Using the data below, output a verbatim copy of the lines between the one holding "국회는 21일 오후 본회의에서" and the one holding "未来の町で走る夢のクルマを描くことを通して、", inclusive, without any pictures.

[[ Data for this task, beginning ]]

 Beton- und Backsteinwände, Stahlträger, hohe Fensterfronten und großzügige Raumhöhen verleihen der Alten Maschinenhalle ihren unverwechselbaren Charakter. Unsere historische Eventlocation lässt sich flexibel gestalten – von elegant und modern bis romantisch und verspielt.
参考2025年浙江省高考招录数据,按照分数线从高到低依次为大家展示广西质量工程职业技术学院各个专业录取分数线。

[[ Data for this task, end ]]
[[ Data for this task, beginning ]]

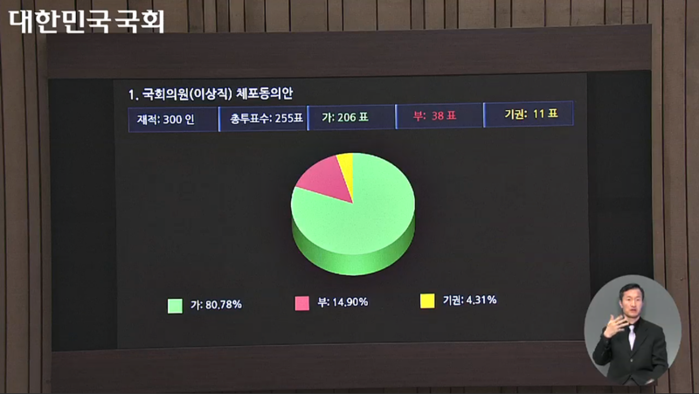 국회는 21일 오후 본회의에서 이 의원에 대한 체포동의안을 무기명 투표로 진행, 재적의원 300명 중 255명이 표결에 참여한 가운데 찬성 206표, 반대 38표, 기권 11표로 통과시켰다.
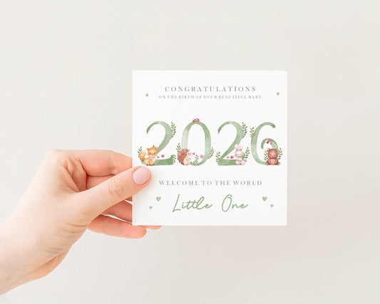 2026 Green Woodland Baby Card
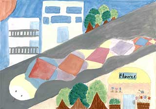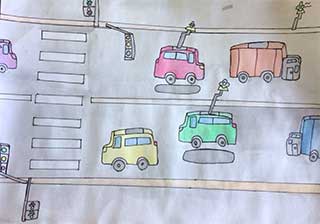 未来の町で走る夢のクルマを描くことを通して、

[[ Data for this task, end ]]

# Exercise solution:
 국회는 21일 오후 본회의에서 이 의원에 대한 체포동의안을 무기명 투표로 진행, 재적의원 300명 중 255명이 표결에 참여한 가운데 찬성 206표, 반대 38표, 기권 11표로 통과시켰다.
 2026 Green Woodland Baby Card
 未来の町で走る夢のクルマを描くことを通して、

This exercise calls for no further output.